Впоследствии риторика «Нового курса», первоначально отмененная Комиссией как крылатая фраза для новой потребительской повестки дня, по иронии судьбы может оказаться еще более глубокой метафорой проблемы, с которой связано законодательство ЕС о защите прав потребителей. столкнулись с момента начала пандемии.

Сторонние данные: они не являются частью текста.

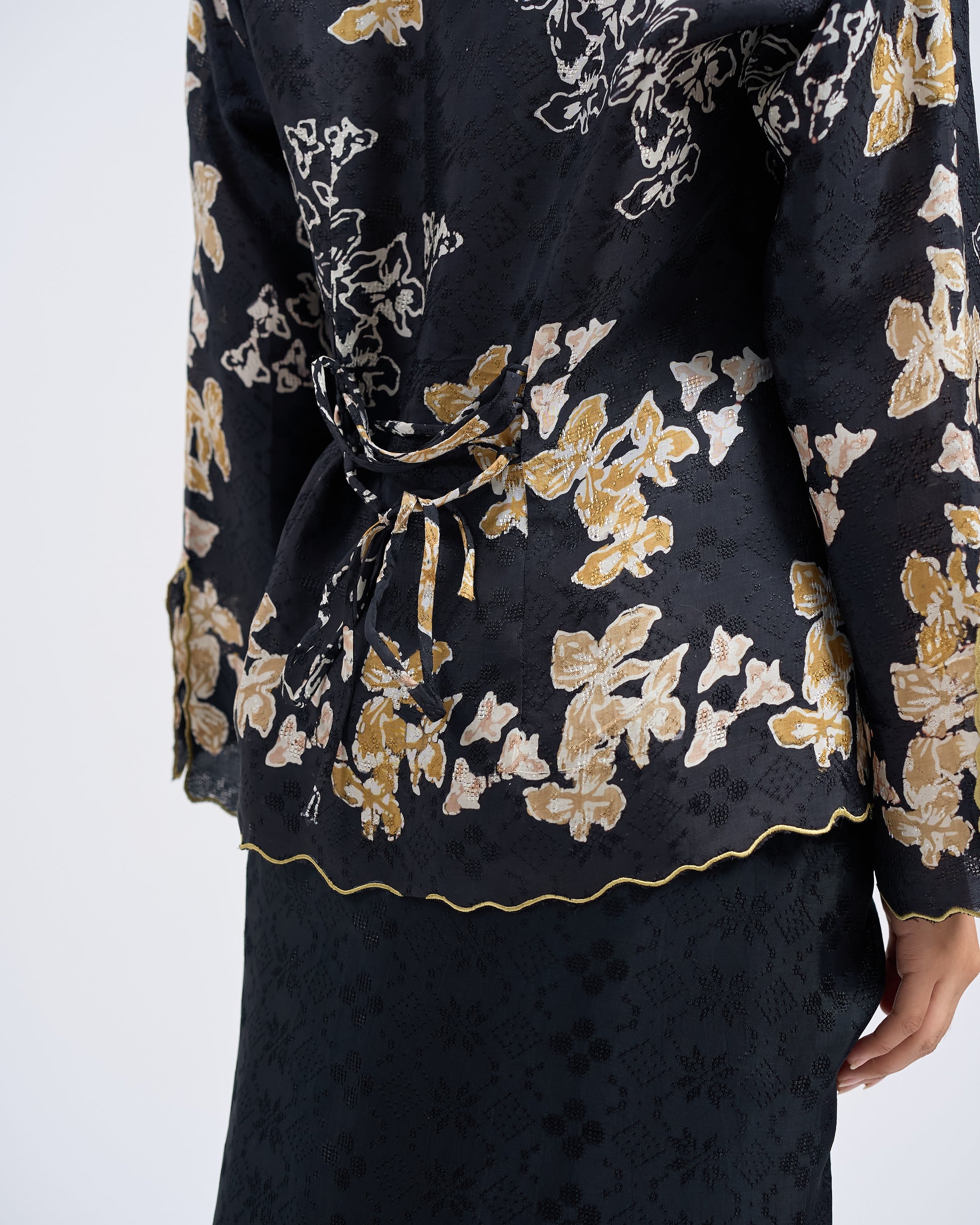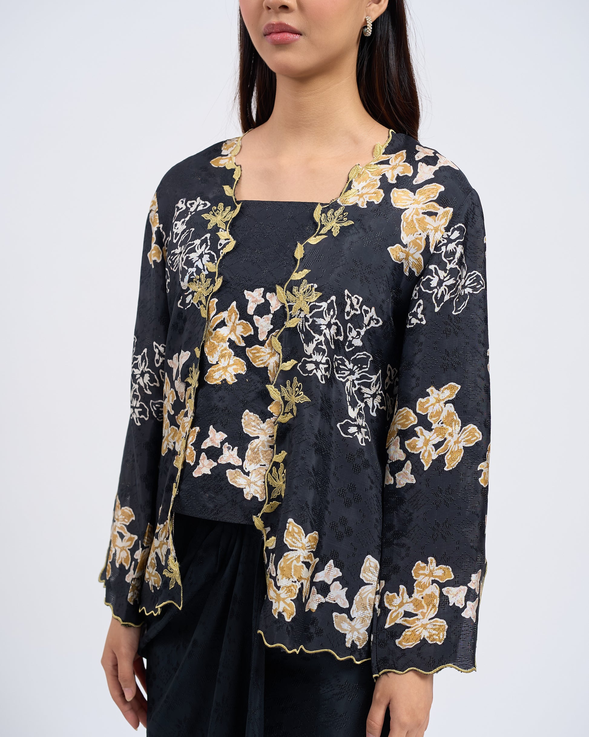 - The placement of motifs, colour tones, and sulam (embroidery) details will vary from one garment to another. Each set is uniquely crafted and no two pieces are totally identical, making your garment exclusive to you.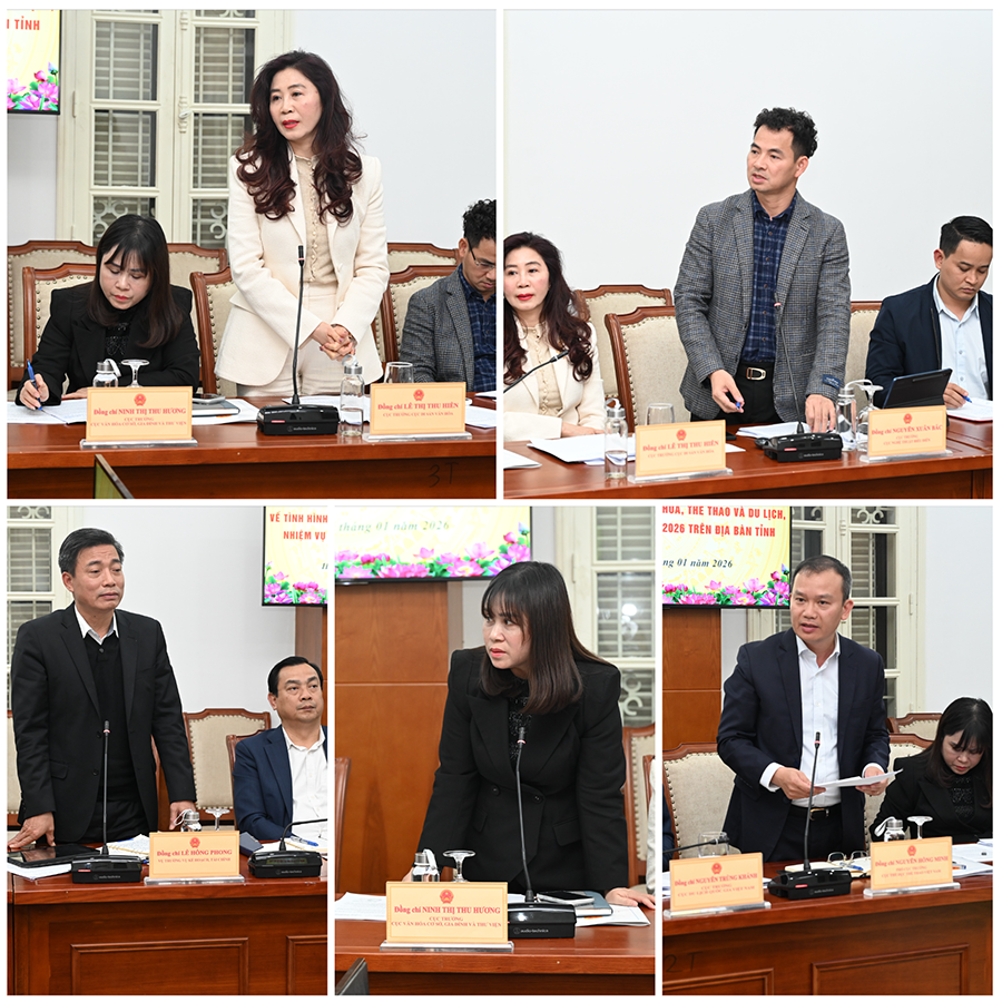 Lãnh đạo các Cục, Vụ, đơn vị thuộc Bộ phát biểu tại buổi làm việc (Ảnh: TITC)

По всей вероятности, разворачивающийся в настоящее время кризис заставит европейское частное право (а возможно, и отечественные системы частного права) пересмотреть не только свою структуру и инструменты, но и лежащую в ее основе политическую повестку дня.Кажется вероятным, что «Новый курс» 2014 года, наряду с последующей законодательной реформой, может быть лишь прелюдией к более глубокому пересмотру некоторых основополагающих ценностей и политики частного права ЕС. 154 Как обычно, окончательный ответ на вопрос, окажется ли (и с какой целью) такое переосмысление на самом деле осуществимым, будет лежать где-то посередине между политикой и законодательством ЕС и правовыми порядками государств-членов. Даже если организованный концептуальный ответ на вызовы Covid-19 окажется (полностью) неосуществимым, фактическая смена ценностей и парадигм уже происходит снизу вверх в виде различных регулятивных ответов, принятых в в национальном законодательстве 155 (и, вероятно, вскоре и в судебной практике).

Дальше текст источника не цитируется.